→ **DATA SECTION**
□ □ □ □
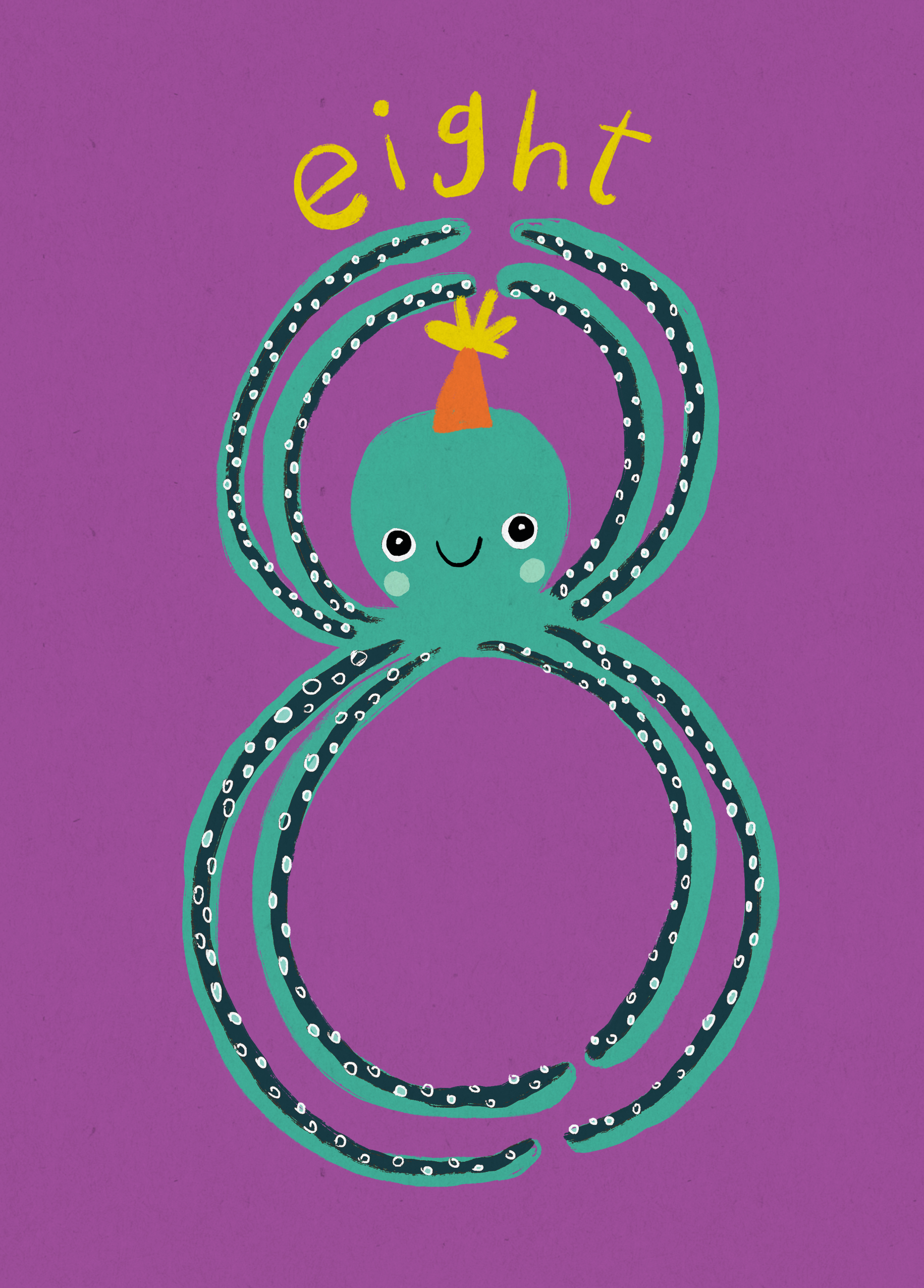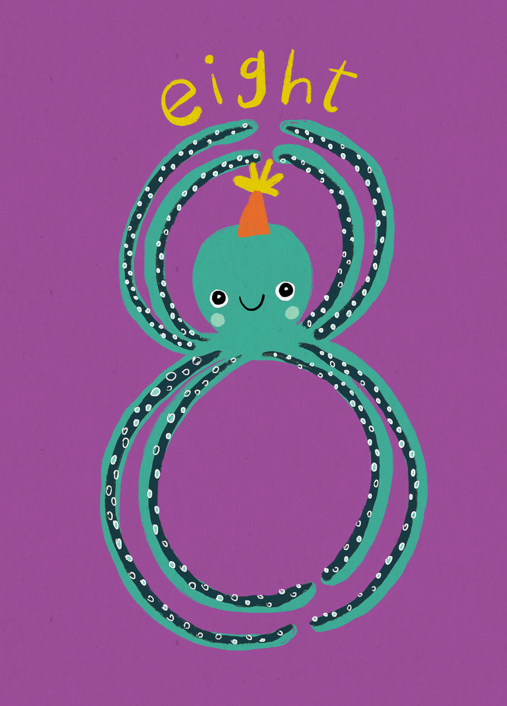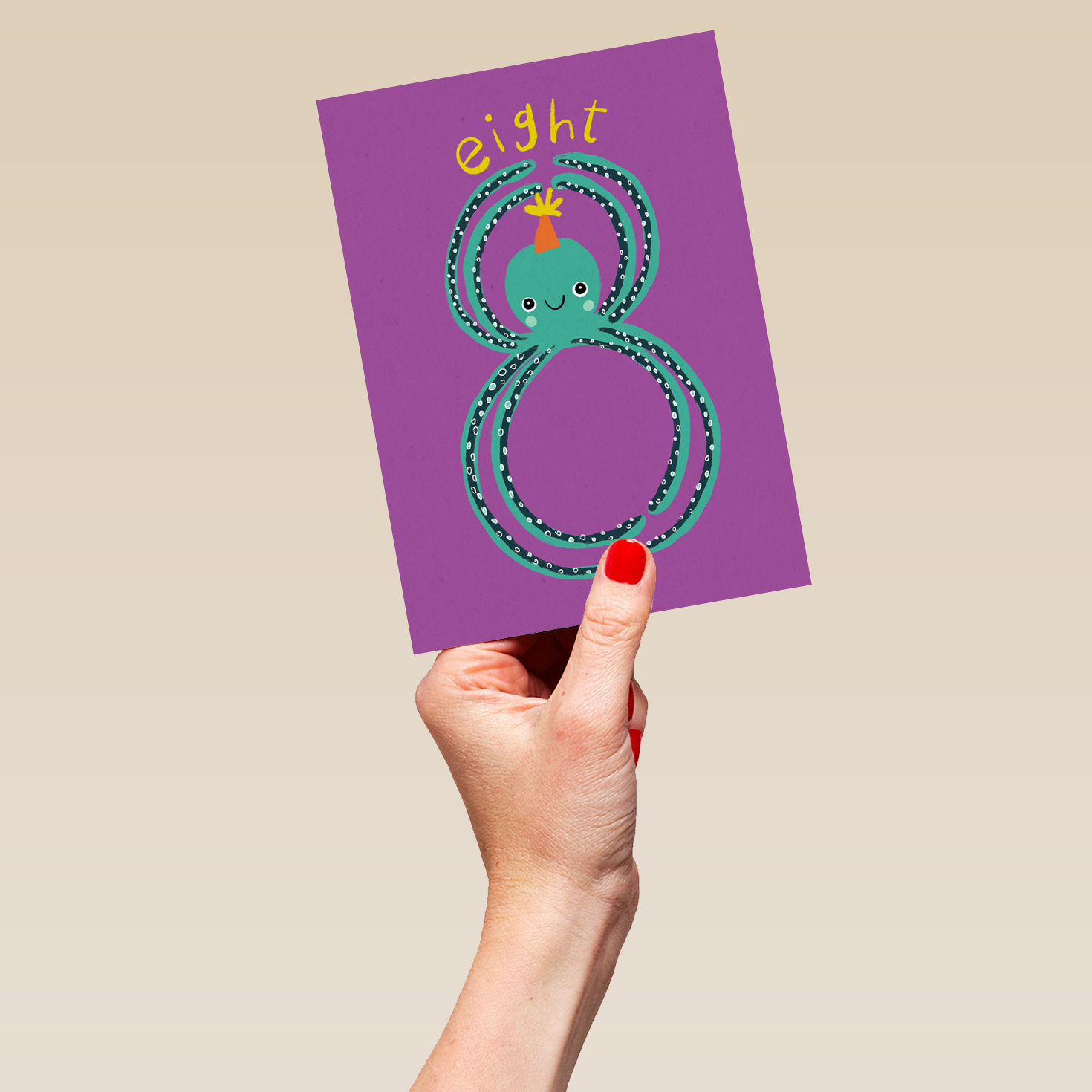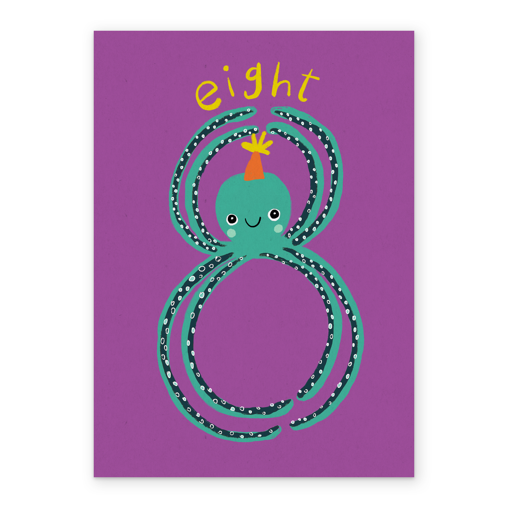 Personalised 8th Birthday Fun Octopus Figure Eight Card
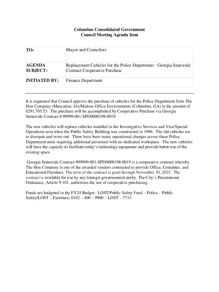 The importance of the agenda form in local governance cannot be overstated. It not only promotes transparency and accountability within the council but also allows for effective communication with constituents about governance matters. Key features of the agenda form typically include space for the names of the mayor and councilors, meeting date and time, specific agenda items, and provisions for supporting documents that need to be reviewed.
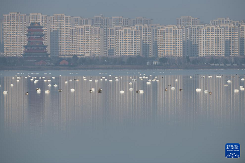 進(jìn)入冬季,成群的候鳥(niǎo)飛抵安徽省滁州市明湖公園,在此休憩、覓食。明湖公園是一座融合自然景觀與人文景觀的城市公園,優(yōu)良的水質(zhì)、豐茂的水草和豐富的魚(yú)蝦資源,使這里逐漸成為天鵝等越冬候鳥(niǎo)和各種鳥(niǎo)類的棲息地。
□ □ □ □
→ **EXERCISE**
The whole listing, pictures excluded, should be output exactly.

→ **WRITTEN REPLY**
 Personalised 8th Birthday Fun Octopus Figure Eight Card
 The importance of the agenda form in local governance cannot be overstated. It not only promotes transparency and accountability within the council but also allows for effective communication with constituents about governance matters. Key features of the agenda form typically include space for the names of the mayor and councilors, meeting date and time, specific agenda items, and provisions for supporting documents that need to be reviewed.
 進(jìn)入冬季,成群的候鳥(niǎo)飛抵安徽省滁州市明湖公園,在此休憩、覓食。明湖公園是一座融合自然景觀與人文景觀的城市公園,優(yōu)良的水質(zhì)、豐茂的水草和豐富的魚(yú)蝦資源,使這里逐漸成為天鵝等越冬候鳥(niǎo)和各種鳥(niǎo)類的棲息地。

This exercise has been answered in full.